Wanita yang babak belur yang memaafkan: belajar ketidakberdayaan

Hari ini, agar kita mengerti sedikit lebih baik mengapa pasti perilaku yang dilakukan oleh perempuan korban penganiayaan seksis, Kami akan menjelaskan salah satu dari banyak alasan mengapa seorang wanita mungkin tidak menanggapi situasi pelecehan, seperti yang sebagian besar dari kita pikir kita akan lakukan. Kita berbicara tentang Ketidakberdayaan yang Dipelajari.

Ketidakberdayaan yang dipelajari pada wanita yang dipukuli tidak lebih dari perubahan dalam fungsi kognitif wanita yang menghasilkan perilaku pasif sebelum serangkaian peristiwa yang dia anggap tidak terkendali.

Hal ini membuat sangat sulit bagi wanita yang babak belur untuk menemukan cara optimal untuk mengakhiri hubungan yang penuh kekerasan, terutama karena fungsi kognitif perhatian mereka difokuskan pada tetap hidup.

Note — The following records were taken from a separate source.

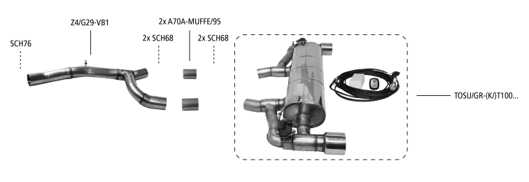 Bei 3.0l Modellen kann nur der Endschalldämpfer alleine montiert werden. Zur Montage des Endschalldämpfers TOSU/GR-(K/)T100... werden 2x die Verbindungsmuffe A70A-MUFFE/95 und 4x die Auspuffschelle SCH68 benötigt!
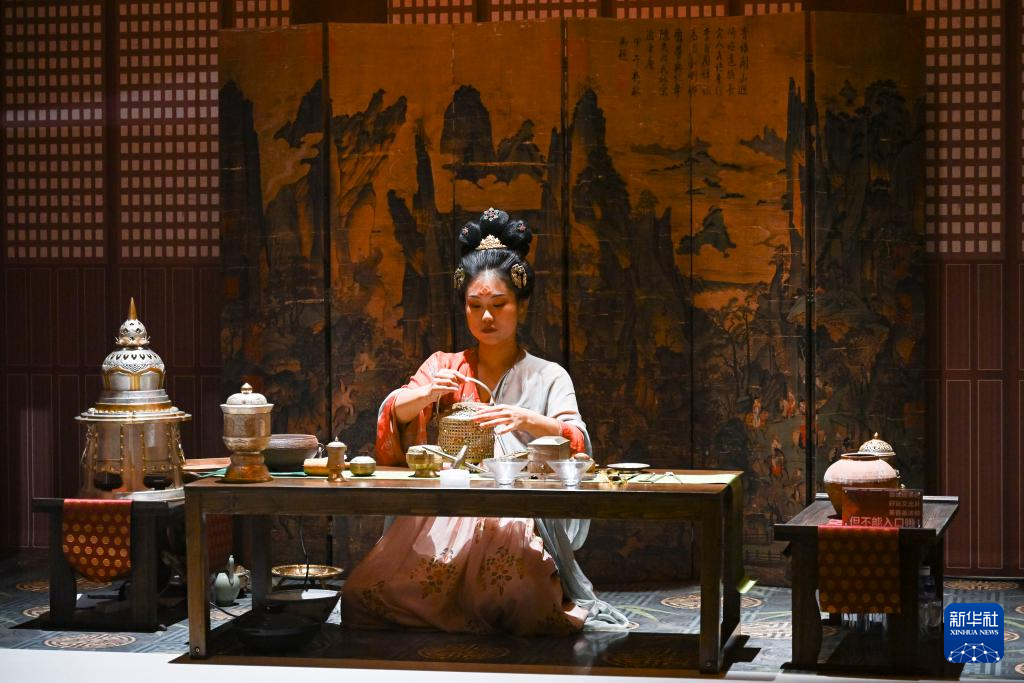 6月17日,在上海奉贤博物馆,演员展示茶道。新华社发(陈浩明摄)
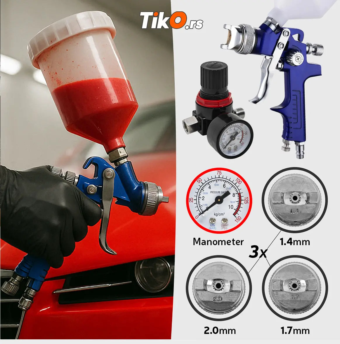 HVLP PIŠTOLJ ZA LAKIRANJE Višenamenska upotreba: Savršen za farbanje automobila, lakiranje nameštaja, zidova, umetničke projekte i bazne premaze. 3 zamenljive mlaznice i igle – 1.4mm, 1.7mm, 2.0mm za različite vrste boja i premaza Smanjena potrošnja boje – HVLP tehnologija smanjuje otpad i omogućava precizno nanošenje ️ Visokokvalitetni materijali – mlaznica i igla od nerđajućeg čelika za dugotrajnu upotrebu Ergonomski dizajn – lagan i jednostavan za rukovanje, pogodan za početnike i profesionalce Jednostavno čišćenje – glatka površina omogućava lako održavanje i dug vek trajanja pištolja 🧼
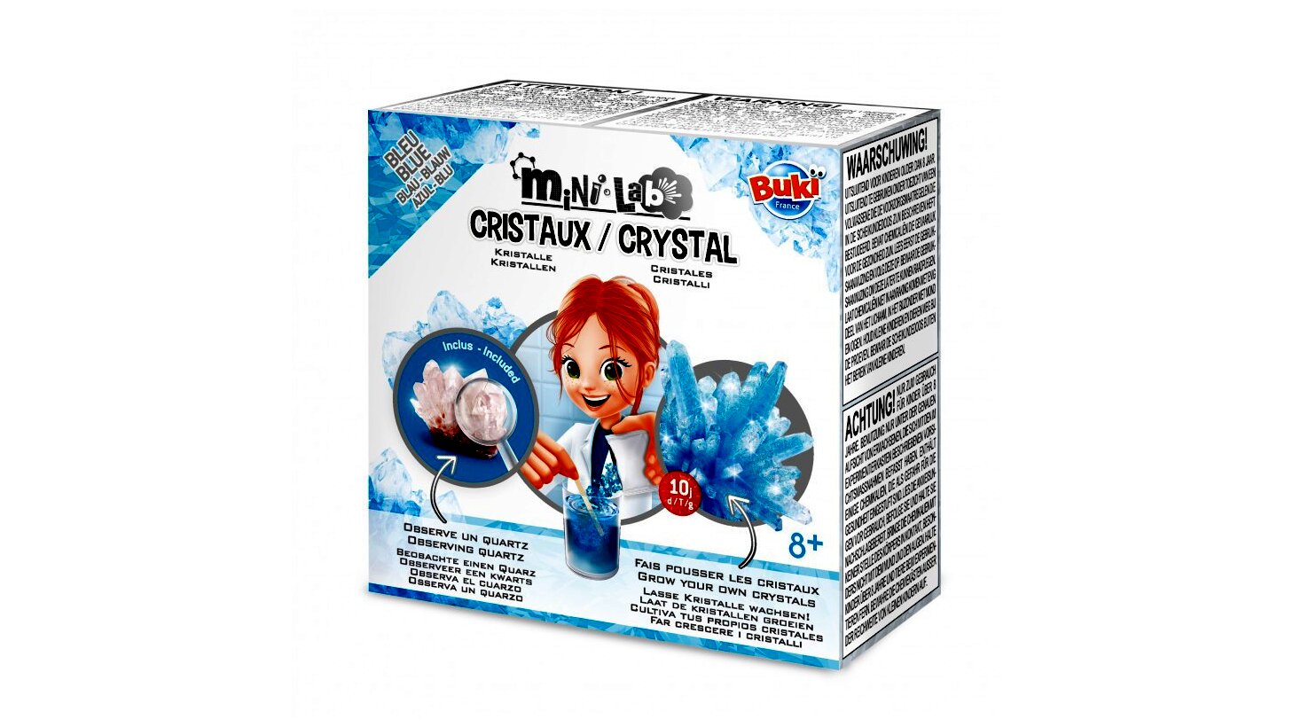 A BUKI Mini Lab kristálynövesztő készletével a gyerekek tudósnak érezhetik magukat, és a dobozban rejlő alapanyagok segítségével elkészíthetik saját kristályukat. Csupán össze kell keverni a színes kristályport vízzel, majd várni, amíg megtörténik a csoda: az eredmény egy csodálatos, kék színű kristály lesz. A készletben egy kvarc is rejlik, amit a gyerekek közelről tanulmányozhatnak a nagyító segítségével. Kísérletezésre fel!
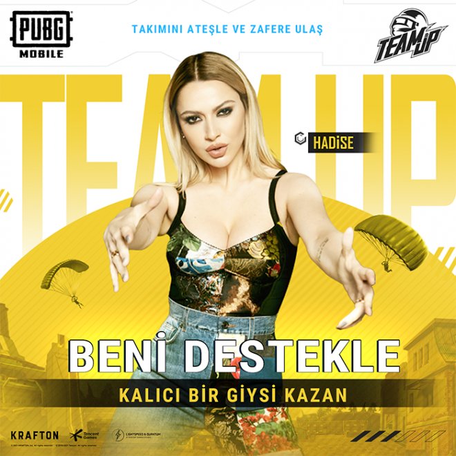 PUBG MOBILE’ın 2019’dan bu yana her yıl düzenlediği Team Up Challenge turnuvası, bu yıl da eğlence ve mobil oyun dünyasının en popüler isimlerinin katılımıyla gerçekleşecek. Turnuvada altı bölgeyi temsil eden her bir takımın bir ünlü “Kaptanı” olacak; katılımcı takımlara ise birer yayıncı influencer liderlik edecek. Bu yılki etkinlikte ülkemizi temsil eden takımlarımıza kaptanlığı Hadise üstleniyor. Team UP’ta yarışan takımlarımızı ise popüler yayıncılar Doch, Mezarcı, Nisa Ölmez, Solkay, Frozennx ve Soulless oluşturdu.
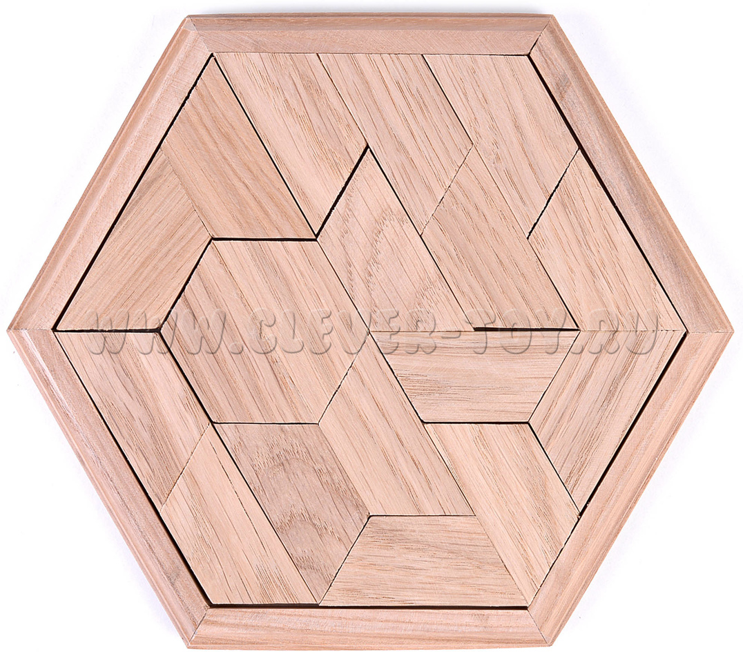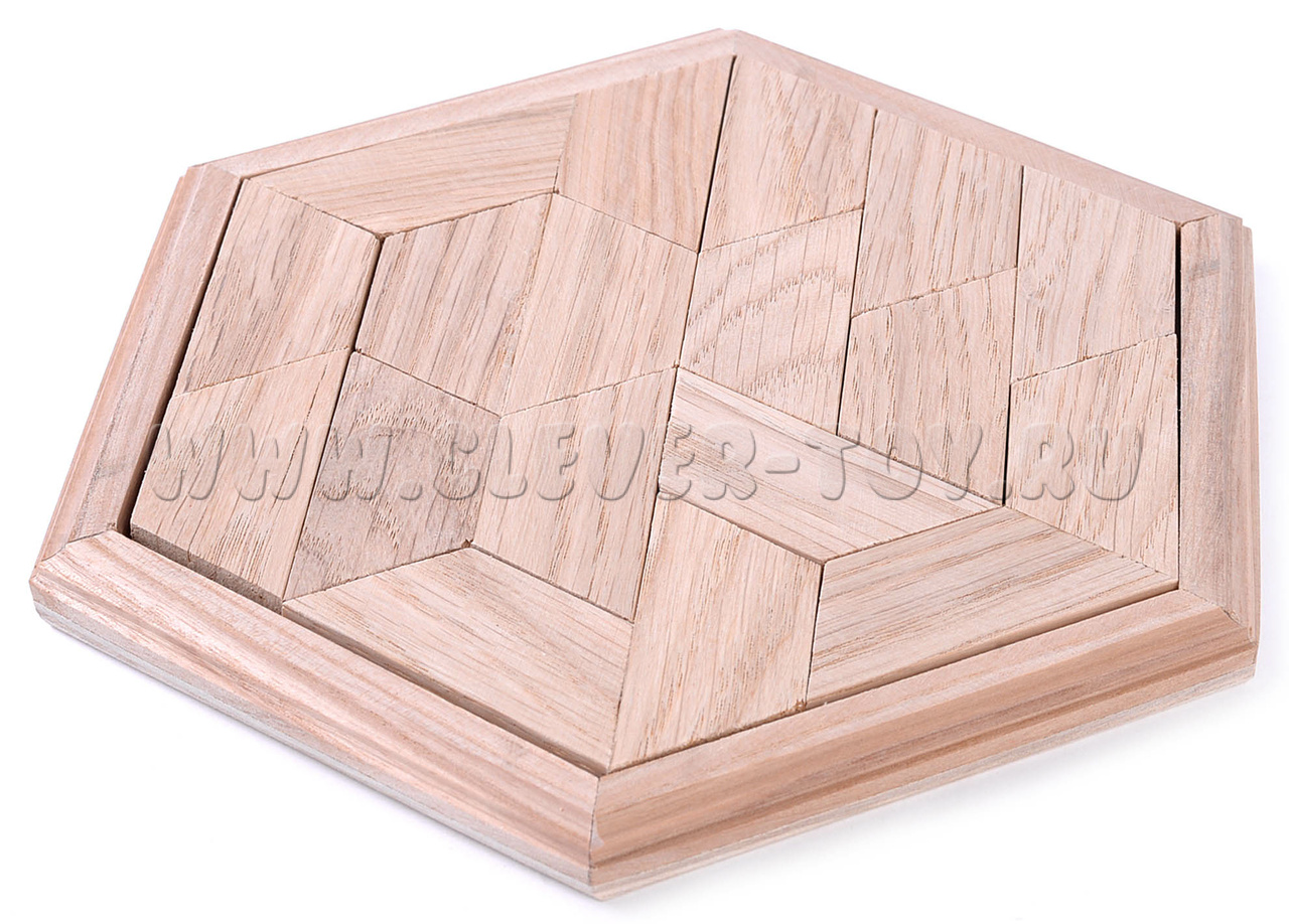Головоломка состоит из 9 элементов и шестигранной коробочки.
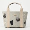 牛革を用いて、踊るようにあしらったハートのモティーフとのコントラストが素敵です。
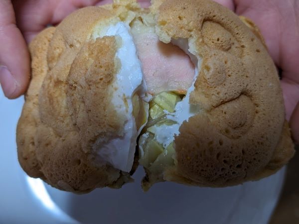 ふわふわのカステラのような生地を割ってみると、半熟の卵が丸ごと一つと千切りのキャベツとハム、そして濃厚なマヨネーズと大好きなあの組み合わせです。それらの具とほんのり甘い生地を一緒に頬張ると、幸せ~♪
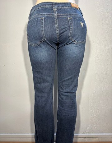 Guess jeans. Blue colouring. Closes with a zipper and button on the front of the jeans. Has pockets on the front and back of the jeans. 99% Cotton fabric. Good condition.

Seseorang belajar untuk tidak bertahan ketika dia yakin dengan meyakinkan bahwa berjuang melawan situasi pelecehan ini tidak akan menghentikan agresi yang lain. Oleh karena itu, wanita itu berhenti berusaha untuk menghentikan situasi ini dan secara tidak sadar menciptakan strategi untuk hidup "aman" dalam situasi pelecehan ini.

Ketika seorang wanita menderita ketidakberdayaan yang dipelajari, perilaku mereka didasarkan pada pengurangan rasa sakit, tetapi tidak menghentikan agresi, karena dia merasa bahwa penyebab peristiwa itu benar-benar di luar kendalinya, dan karena dia tidak dapat melakukan apa pun untuk menghentikan situasi ini, dia hanya menunggu sampai itu berlalu..

  • Artikel terkait: "Ketidakberdayaan yang terpelajar: mempelajari psikologi korban"

Peran gaya atribusi

Salah satu faktor risiko ketidakberdayaan yang dipelajari adalah gaya atribusi. Ini menentukan cara di mana kita biasanya memberikan penjelasan tentang berbagai hal yang terjadi di sekitar kita Umumnya orang dengan gaya atribusi positif cenderung menghargai medium sebagai dapat diprediksi atau dikontrol. Rasa kontrol ini membuat kita mempertahankan tingkat harga diri kita.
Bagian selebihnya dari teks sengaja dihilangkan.